A call for data-driven solutions.
This post is the first in a series of four on customer vulnerability and explores challenges and considerations in developing data-driven approaches to identify vulnerable customers.
The financial services industry has significantly improved its understanding of vulnerable customers over the past few years. These days, it is broadly accepted that tailored support may be needed to ensure fair and consistent outcomes for those in vulnerable circumstances. In consultations with the public, the Financial Conduct Authority (FCA) has developed the concept of customer vulnerability and made recommendations on how to reduce the risks of financial harms for those particularly predisposed to them.
In 2019, the FCA issued the first draft of guidance on fair treatment of vulnerable customers, calling on financial services institutions to use their data to proactively identify vulnerable individuals in their customer base. The outbreak of COVID-19 added further weight to this topic, with millions of people experiencing economic and physical constraints and at the same time facing their financial needs and commitments. This prompted the FCA to publish the COVID-19 version in July 2020 with a view to finalise the guidance in early 2021. In the updated version, the FCA clarified that firms are expected to understand their landscape of vulnerability and associated customer needs. Firms are encouraged to use available data to detect signs of vulnerability to provide clients with appropriate support.
With an increasing focus on vulnerability, firms will need novel approaches to find ways of identifying and protecting their customers. This is a complicated problem to solve – and not just because it can expose organisations to further data protection and conduct risks.
By definition, a consumer in vulnerable circumstances is somebody who, due to personal circumstances, is especially susceptible to financial harm, particularly when a firm is not acting with an appropriate level of care. From a data science perspective, identification of customers showing signs of vulnerability may sound simple at the surface, however, there are a number of factors to consider:
Vulnerability as a highly abstract modelling target
It is generally possible to set a target variable in case of event-based outcomes. For example, a loan default event happens if an individual does not repay contractual amounts. However, detecting and measuring vulnerability is not straightforward as it comes in as many forms as human hardship itself. For the consistent application of machine learning models or any other automated techniques, organisations have to define modelling targets and decision boundaries on the vulnerability scale that would depend on their own customer base and products.

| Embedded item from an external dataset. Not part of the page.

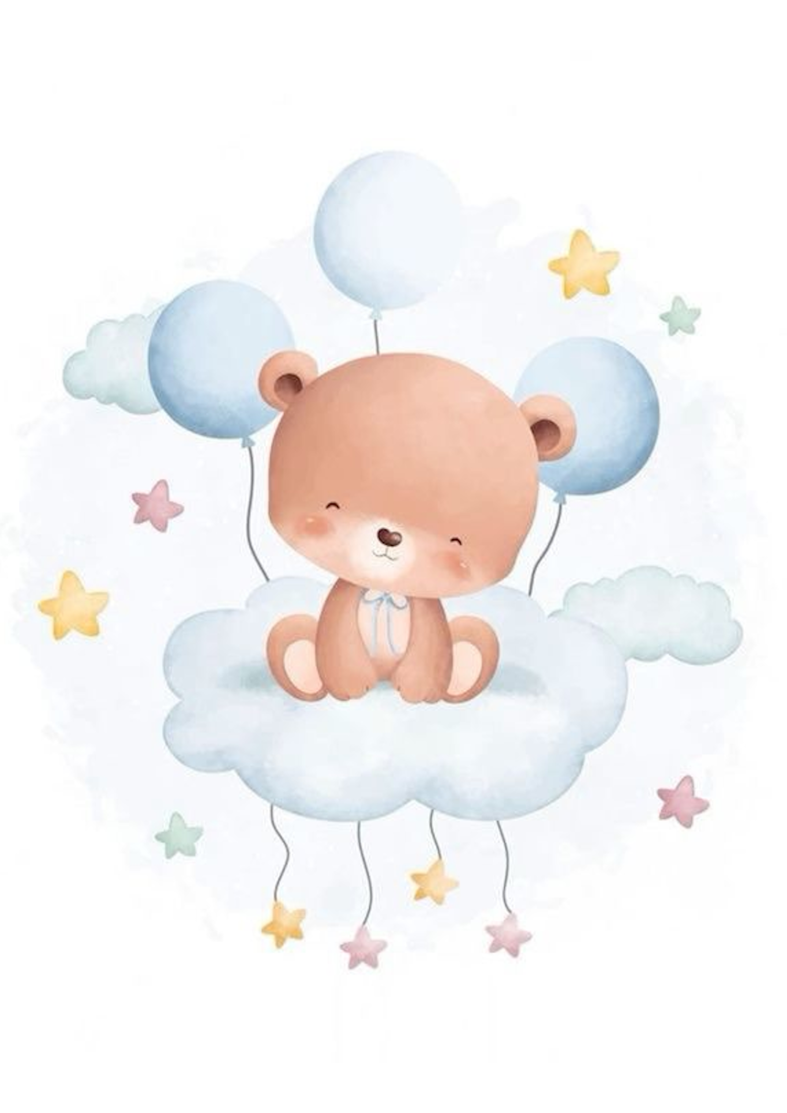 Tierna ilustración de un dulce osito descansando suavemente sobre una esponjosa nube, acompañado de delicados globos azules que parecen flotar en el cielo. Rodeado de pequeñas estrellas en tonos pastel, el diseño transmite tranquilidad, dulzura y un ambiente soñador lleno de calma.

Issues with data quality, breadth and coverage
Data sparsity and poor data quality can hamper the simplest of modelling efforts, let alone a problem as nuanced as predicting vulnerability. Furthermore, it may be not conducive to identifying certain types of vulnerability. In a retail banking example, while it may be possible to infer low financial resilience or life events such as job loss, it may be harder to detect circumstances such as significant health problems or substantial caring responsibilities. In addition to consolidating and maintaining their data, organisations could also consider using other data sources such as clickstream, call centre and alternative data.
Technical implementation of predictive models
Generally, only a minority of clients in vulnerable circumstances are under the radar as there are strict and highly manual ways of establishing customers’ vulnerability and not all of these cases are reflected in firms’ systems. With incomplete information and a lack of consistent approaches to verify whether a person is eligible for tailored financial support, it is hard to train an accurate predictive model. This is especially true given that life situations can change quickly, and vulnerability may happen unexpectedly or pass by as a transitional stage in one’s life.
These challenges are non-trivial and arise at the start of vulnerability landscape exploration using data analytics. The solution calls for a sensitive application of data-driven techniques with careful management of ethical and compliance risks. Successfully navigating these issues can pave the way to understanding the needs of customers in vulnerable circumstances, allowing firms to deliver good consumer outcomes for customers in vulnerable circumstances consistently and at scale.
In the following parts of this series, we will discuss implementation aspects of using data science for vulnerability detection. We will define modelling targets, discuss applicable data-driven techniques and suggest how they can be extended in order to give a better view of firms’ vulnerability landscape.